5月号の書は「柳に風」です
風に身を任せてさらりと受け流そう
柳の木は、そのさわやかな緑色の葉が見た目に涼やかで、枝ぶりも風情がたっぷり。川辺などで風に身を任せるかのように揺れるさまは、ノンシャランとした魅力があります。大正ロマンを象徴する画家・竹久夢二は、柳の下にたたずむ女性の絵を何枚か描いています。たおやかで抒情的な柳の姿は、夢二の世界観にぴったりですね。
柳にまつわることわざに、「柳に風」があります。柳が風に身を任せて揺れるように、逆らわずにさらりと物事を受け流す、という意味です。柳は無駄に抵抗しないから、かえって折れにくいという意味も込められているようです。
人から悪口や嫌みを言われたり、いじわるをされたりしても、何事もなかったかのようにやり過ごす。それが「柳に風」です。難しいけれど、冷静に気持ちをコントロールして、さらに微笑むことができたら、そんな自分に誇りが持てるし、心の平安も得られるでしょう。
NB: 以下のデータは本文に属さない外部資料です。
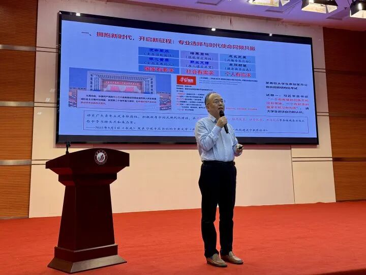 会议第二阶段,张军学教授开展入党启蒙教育。他从 “专业选择与时代使命同频共振”“深刻领会时代对青年的期望”“立足专业规划大学生活” 三个层面,帮助新生认清个人理想与国家发展的紧密联系,明确青年责任担当,为新生未来成长点亮指路明灯 。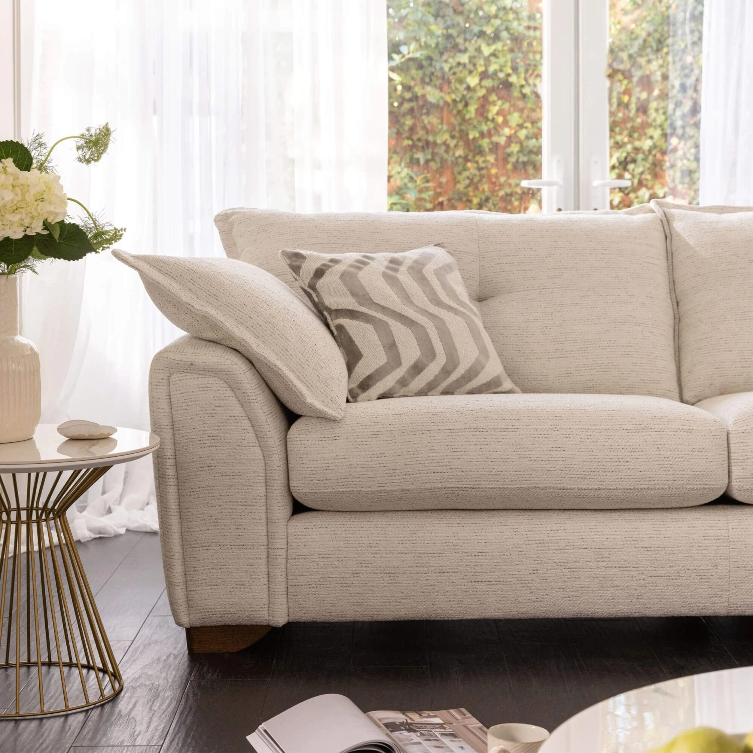 Fully reversible, premium foam seat cushions with a fibre wrap bestow a sumptuous sit, whilst hollow pocketed fibre back cushions, supported by elasticated tensioned webbing, offer support without compromising on comfort. Removable arm cushions and feather-filled, decorative scatter cushions further enhance the alluring appeal of the Tianna sofa, whilst creating a more relaxed and informal style.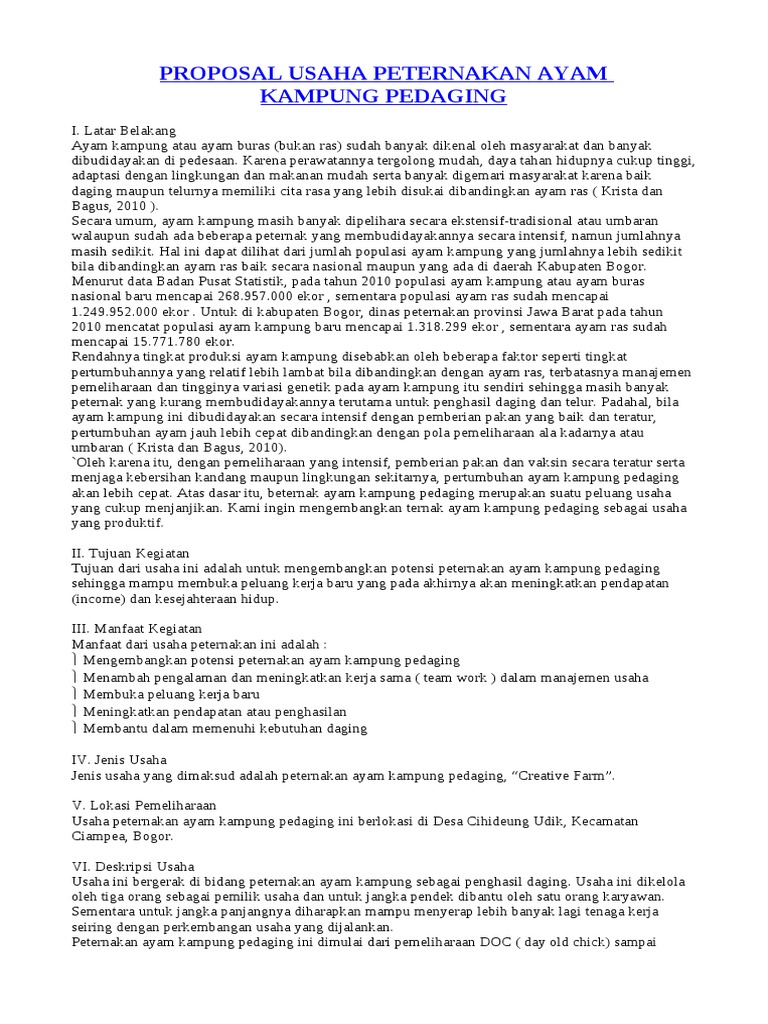 Contoh proposal usaha ayam petelur pdf. Dapat menjaga kelangsungan usaha dan mengembangkannya. Contoh proposal usaha budidaya ayam petelur terbaru geliat usaha peternakan di indonesia semakin hari semakin ramai diperbincangkan dan digeluti oleh peminatnya bukan hanya perorangan juga atas nama kelompok maupun kelembagaan yang bisa dijadikan sebagai mata pencaharian baru dan membuka peluang usaha baru bagi masyarakat sekitarnya. Ayam ras petelur usaha ternak ayam ras petelur untuk saat ini dan yang akan datang cukup menjanjikan karena seiring dengan pertambahan jumlah penduduk permintaan akan telur semakin bertambah. Usaha skala kecil ini bergerak di bidang peternakan ayam petelur dan merupakan usaha yang cukup sederhana serta mudah untuk ditekuni. Jadi modal bisnis ayam petelur yang perlu dipersiapkan untuk 300 ekor adalah rp10361000 rp18840000 rp29201000. Silahkan dipelajari untuk yang ingin membuka wirausaha pullet.

あなたの反応が「暖簾に腕押し」ならば、相手もそのうち嫌みやいじわるをしなくなるでしょう。それに清らかなやさしい心で「柳に風」と受け流したら、「念返し」で悪い念は相手に戻っていきます。
対抗して悪口を言い返したり、いじわるをやり返したりすると、相手と同じレベルまで落ちてしまいます。そういう念を持っていると口角も下がって人相が悪くなりかねません。自分のほうが醜い顔、醜い心にならないようにしましょう。
「柳に風」は、たおやかで優雅な人間になるための、大事なたしなみです。ぜひみなさんも、実践なさってください。